Today we’d like to introduce you to Liz Whittaker

Hi Liz, so excited to have you with us today. What can you tell us about your story?
I’ve been doing theatre for 20 years, with occasional journeys into film and television. I’ve done almost everything that can be done on a production; I’ve been an actor, director, sound designer, choreographer, writer, set painter, and teacher.

In late 2019, I was introduced to the new field of intimacy direction and never looked back. Now, I have over 200 hours of training and recently completed a certification for Intimacy Direction in Live Performance with IDC (Intimacy Directors and Coordinators). I’ve worked on over 30 productions, 3 feature films, and 3 shorts.

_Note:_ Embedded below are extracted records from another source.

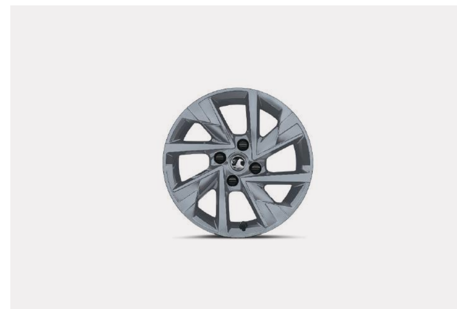
16-inch alloy wheel.
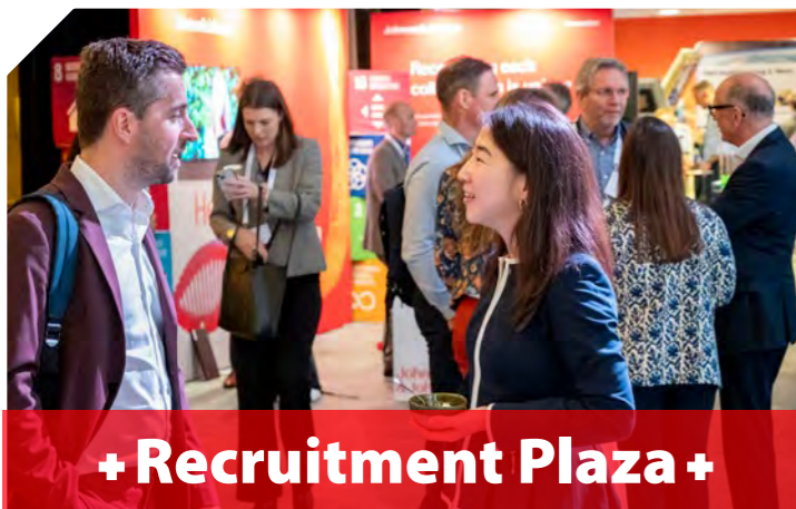
+ Recruitment Plaza +
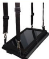
Harness carrying case AT-CART10105
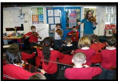
Year 4 Violins and Violas

Real experiences help to deepen children's understanding of things. We try to organise lots of enriching activities such as trips, visitors in school, theatre companies, musical events and storytellers' etc. to support our curriculum. There is sometimes a charge associated with such activities, where parents/carers are asked to make a voluntary contribution. However, if sufficient voluntary contributions are not received, trips or visits may be cancelled. No child will be excluded from an activity, visit or trip during school hours because a voluntary contribution has not been received. We often take the children on local visits to support their learning to places such as the library, church etc. You will be informed that we are taking your child out of school. For trips further afield, clubs etc. children can only participate if the relevant paperwork has been completed by parents/carers.

I continue to act and direct and sound design and write, but now I’ve found an additional aspect of storytelling that I’m passionate about. I love telling intimate and vulnerable stories with respect, sensitivity, and collaboration.

Would you say it’s been a smooth road, and if not what are some of the biggest challenges you’ve faced along the way?
There are two main challenges in doing intimacy work.

One is the accessibility of training. The extra unemployment checks I received during spring and summer of 2020 allowed me to attend virtual workshops, and I had to crowdfund my certification program. Many professionals in the industry are working hard to make this training more widely available and more affordable, but it’s such a new field that there are only so many people qualified to train others.

The main challenge is just “getting into the room.” I think a lot of productions fear that I’m going to be the “touch police” or HR on steroids, that I’m going to stifle their creativity. Or that they just don’t need an intimacy professional. But I’m a fellow artist who’s there to collaborate. I’m there to help facilitate consent AND to heighten the storytelling. Intimate and vulnerable scenes are always better with a trained professional in the room.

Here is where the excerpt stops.